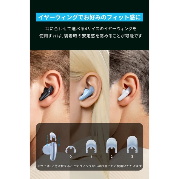 インナーイヤー型には「外れやすい」という欠点がありますが、Soundcore Liberty Budsはイヤーウィング(耳の内側に引っ掛ける小さなパーツ)でこの弱点を見事にカバーしています。
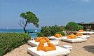 Sandstrand: Sonnenschirme (kostenpflichtig), Liegen (kostenpflichtig), ca. Juni-September
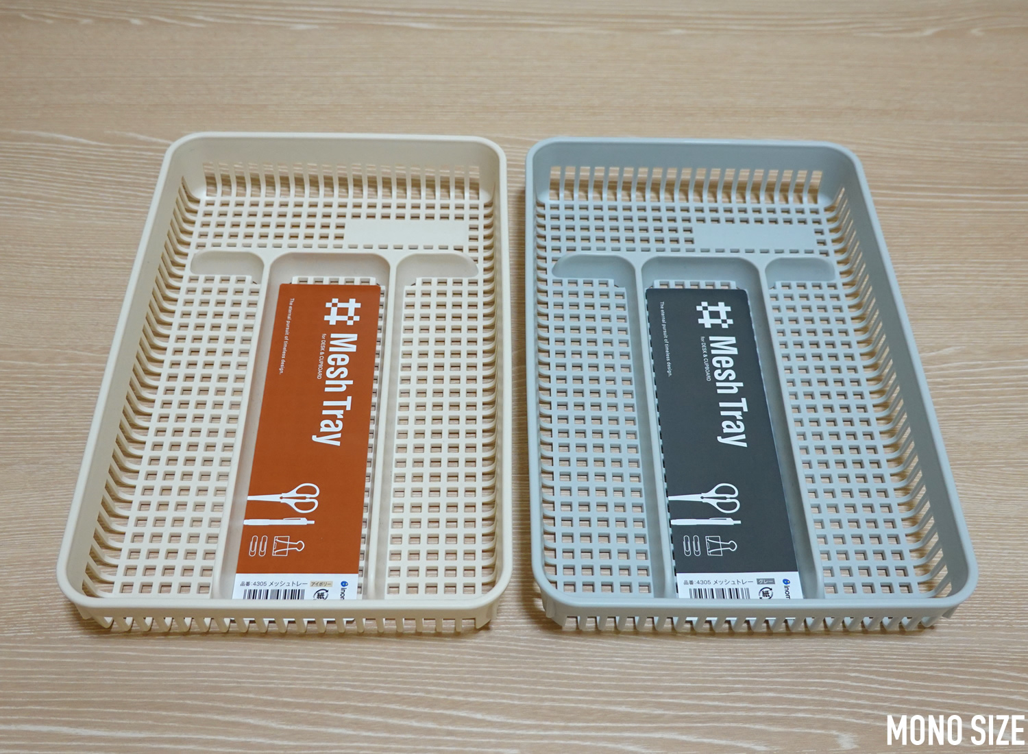 100均「メッシュトレー」の商品情報とサイズ・収納例。ダイソーで販売 4905596430520。
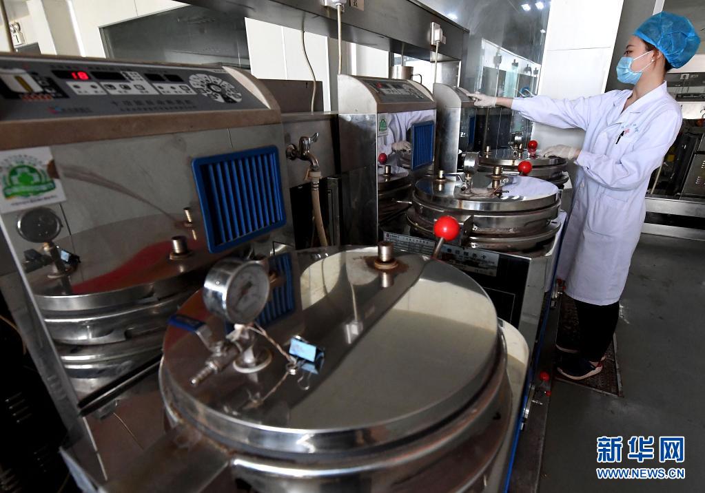 8月17日,在郑州市中医院煎药中心内,药师在调煎药机的参数。新华社记者 李安 摄
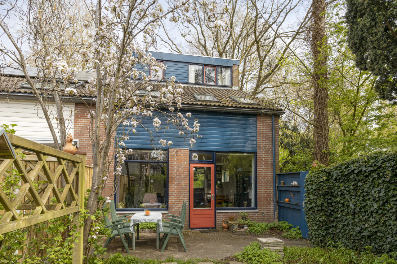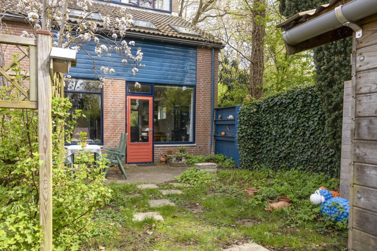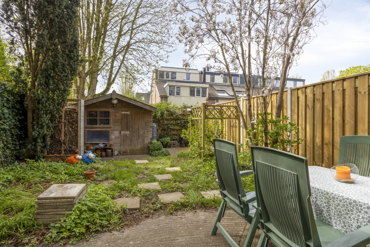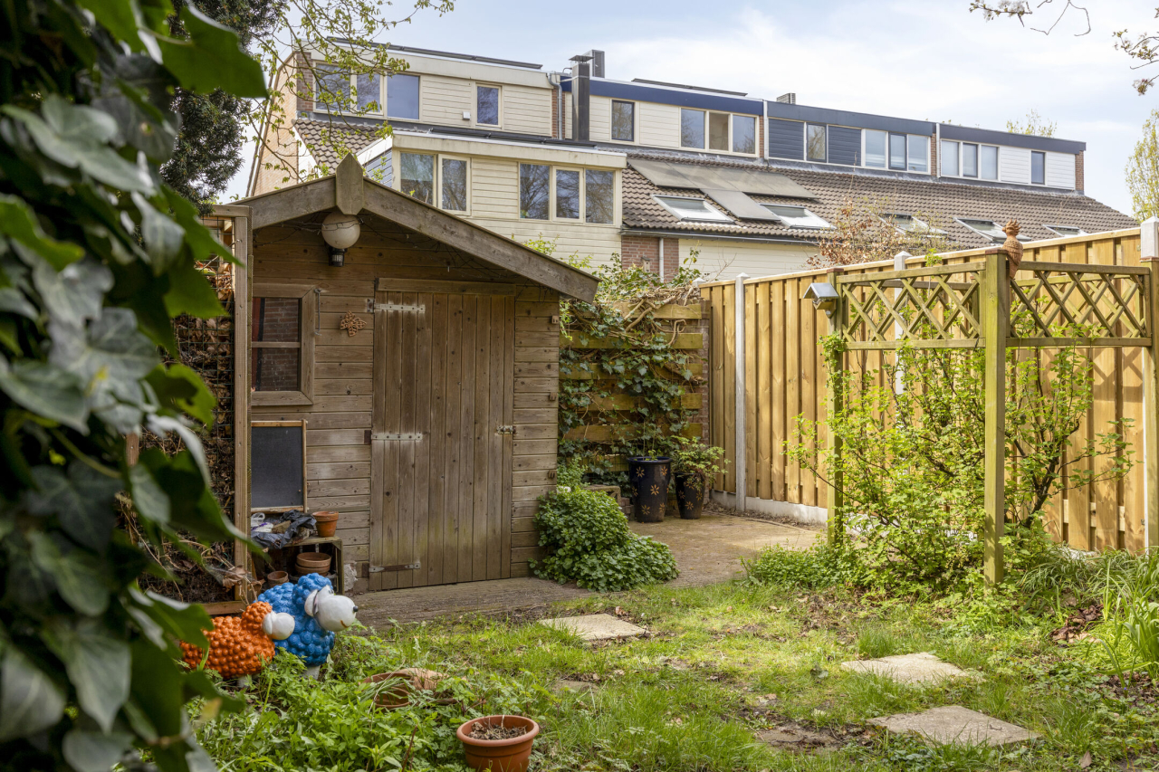 Achter de woning ligt een zonnige, groene tuin op het Zuidwesten. Deze is voorzien van een terras direct achter de woning en achterin de tuin. Verder is er sierbestrating, een gazon, diverse borders met beplanting en struiken. Er is een houten berging voor extra opbergruimte en een achterom via een poort die uitkomt in het park met speeltuin, kinderboerderij en naast gelegen scholen.
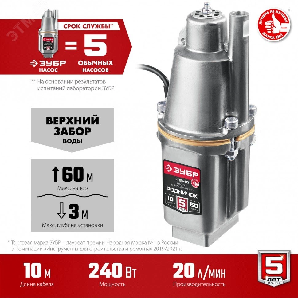 Полное описание: Насос вибрационный Родничок-В НВВ-10 ЗУБР, 10 м, верхний забор воды

☆ ☆ ☆ ☆ ☆ ☆ ☆

### Activity
Would you copy, exactly, each line from the start of the listing above through the line with "8月17日,在郑州市中医院煎药中心内,药师在调煎药机的参数。新华社记者 李安 摄", both ends included, but none of the pictures?

### Solution to this problem
 インナーイヤー型には「外れやすい」という欠点がありますが、Soundcore Liberty Budsはイヤーウィング(耳の内側に引っ掛ける小さなパーツ)でこの弱点を見事にカバーしています。
 Sandstrand: Sonnenschirme (kostenpflichtig), Liegen (kostenpflichtig), ca. Juni-September
 100均「メッシュトレー」の商品情報とサイズ・収納例。ダイソーで販売 4905596430520。
 8月17日,在郑州市中医院煎药中心内,药师在调煎药机的参数。新华社记者 李安 摄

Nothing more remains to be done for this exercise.